By the above K times steady analysis, for each fluid boundary cell 61, the heat transfer coefficient h, the temperature Twe of the solid outer boundary cell 50 adjacent to each fluid boundary cell 61 (hereinafter referred to as the outer wall surface temperature Twe), The temperature Tf of the fluid boundary cell 61 (hereinafter referred to as fluid temperature Tf) and the amount of radiation input heat Hi (hereinafter referred to as radiation input heat amount Hi) are calculated K times. That is, as shown in FIG. 3, in the steady analysis 1, the heat transfer coefficient h ₁ , the outer wall temperature Twe ₁ , the fluid temperature Tf _1, and the radiation heat input Hi ₁ are calculated, and in the steady analysis 2 the heat transfer coefficient h ₂ Outer wall temperature Twe ₂ , fluid temperature Tf ₂ and radiant heat input Hi ₂ are calculated. In steady analysis K, heat transfer coefficient h _K , outer wall temperature Twe _K , fluid temperature Tf _K and radiant heat input Hi _K are calculated. Is done.
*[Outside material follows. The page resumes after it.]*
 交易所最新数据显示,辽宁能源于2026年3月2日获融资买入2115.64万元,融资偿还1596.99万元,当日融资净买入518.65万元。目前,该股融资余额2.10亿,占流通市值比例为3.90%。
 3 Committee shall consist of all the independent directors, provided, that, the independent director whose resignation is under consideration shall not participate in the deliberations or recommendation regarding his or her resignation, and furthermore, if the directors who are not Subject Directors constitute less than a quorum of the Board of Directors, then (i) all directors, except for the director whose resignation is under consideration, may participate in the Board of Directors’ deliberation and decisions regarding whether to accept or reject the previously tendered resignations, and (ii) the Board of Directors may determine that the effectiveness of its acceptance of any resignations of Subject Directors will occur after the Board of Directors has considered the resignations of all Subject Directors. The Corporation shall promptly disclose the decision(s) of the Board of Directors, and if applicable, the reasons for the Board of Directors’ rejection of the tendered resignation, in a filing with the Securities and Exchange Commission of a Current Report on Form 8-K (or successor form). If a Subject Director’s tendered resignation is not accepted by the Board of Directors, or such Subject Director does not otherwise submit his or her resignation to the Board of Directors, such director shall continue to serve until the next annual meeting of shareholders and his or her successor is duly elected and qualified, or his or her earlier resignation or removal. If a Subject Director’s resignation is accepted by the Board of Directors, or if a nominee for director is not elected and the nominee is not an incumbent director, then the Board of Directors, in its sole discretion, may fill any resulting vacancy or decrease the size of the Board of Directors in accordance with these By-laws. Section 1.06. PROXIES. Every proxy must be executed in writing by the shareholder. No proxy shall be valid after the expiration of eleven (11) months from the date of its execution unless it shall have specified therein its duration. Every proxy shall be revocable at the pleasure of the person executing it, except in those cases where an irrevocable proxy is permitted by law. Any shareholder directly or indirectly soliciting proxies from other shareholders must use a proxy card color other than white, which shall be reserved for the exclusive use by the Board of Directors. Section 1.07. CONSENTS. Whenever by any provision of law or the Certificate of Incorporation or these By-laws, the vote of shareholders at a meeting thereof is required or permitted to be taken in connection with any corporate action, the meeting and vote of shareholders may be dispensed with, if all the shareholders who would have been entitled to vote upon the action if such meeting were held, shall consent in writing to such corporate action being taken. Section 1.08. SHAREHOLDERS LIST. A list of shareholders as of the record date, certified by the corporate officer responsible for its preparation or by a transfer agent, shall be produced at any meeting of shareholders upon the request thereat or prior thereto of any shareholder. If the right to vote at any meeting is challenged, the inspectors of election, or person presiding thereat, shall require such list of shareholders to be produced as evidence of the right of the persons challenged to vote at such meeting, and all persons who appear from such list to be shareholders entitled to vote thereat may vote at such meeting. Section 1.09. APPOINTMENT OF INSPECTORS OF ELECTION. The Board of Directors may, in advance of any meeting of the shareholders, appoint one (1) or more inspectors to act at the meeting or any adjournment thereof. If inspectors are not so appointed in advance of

The map creating unit 17c displays a graph in which the horizontal axis represents the outer wall temperature Twe and the vertical axis represents the fluid temperature Tf, and the K sets of outer wall temperature Twe and fluid temperature Tf [ie, coordinates (Twe ₁ , Plot (Tf ₁ ), (Twe ₂ , Tf ₂ ), ..., (Twe _K , Tf _K )], and calculate approximate lines (regression lines, interpolation functions) using least squares, principal component analysis, etc. Thus, the first map Mp ₁ is created. That is, the first map Mp ₁ shows the relationship between the fluid temperature Tf and the outer wall surface temperature Twe in a certain fluid boundary cell 61 and is created for each fluid boundary cell 61. The approximate straight line calculated here is a fluid temperature Tf expressed as a function of the outer wall surface temperature Twe. As a result, for each fluid boundary cell 61, the ratio of the change amount of the fluid temperature Tf to the change amount of the outer wall surface temperature Twe (the change amount of the fluid temperature Tf / the change amount of the outer wall surface temperature Twe, that is, the slope of the approximate line) is grasped. can do.

Similarly, the map creating unit 17c uses a graph in which the horizontal axis represents the outer wall surface temperature Twe and the vertical axis represents the radiation input heat amount Hi. Plot the coordinates (Twe ₁ , Hi ₁ ), (Twe ₂ , Hi ₂ ), ..., (Twe _K , Hi _K )], and use the least squares method, principal component analysis method, etc. to calculate the interpolation function) to create a second map Mp _2. That is, the second map Mp ₂ shows the relationship between the radiation heat input Hi and the outer wall surface temperature Twe in a certain fluid boundary cell 61, and is created for each fluid boundary cell 61. The approximate straight line calculated here represents the amount of heat input Hi as a function of the outer wall surface temperature Twe. Thus, for each fluid boundary cell 61, the ratio of the change amount of the radiation input heat amount Hi to the change amount of the outer wall surface temperature Twe (the change amount of the radiation input heat amount Hi / the change amount of the outer wall surface temperature Twe, that is, the slope of the approximate straight line). Can be grasped.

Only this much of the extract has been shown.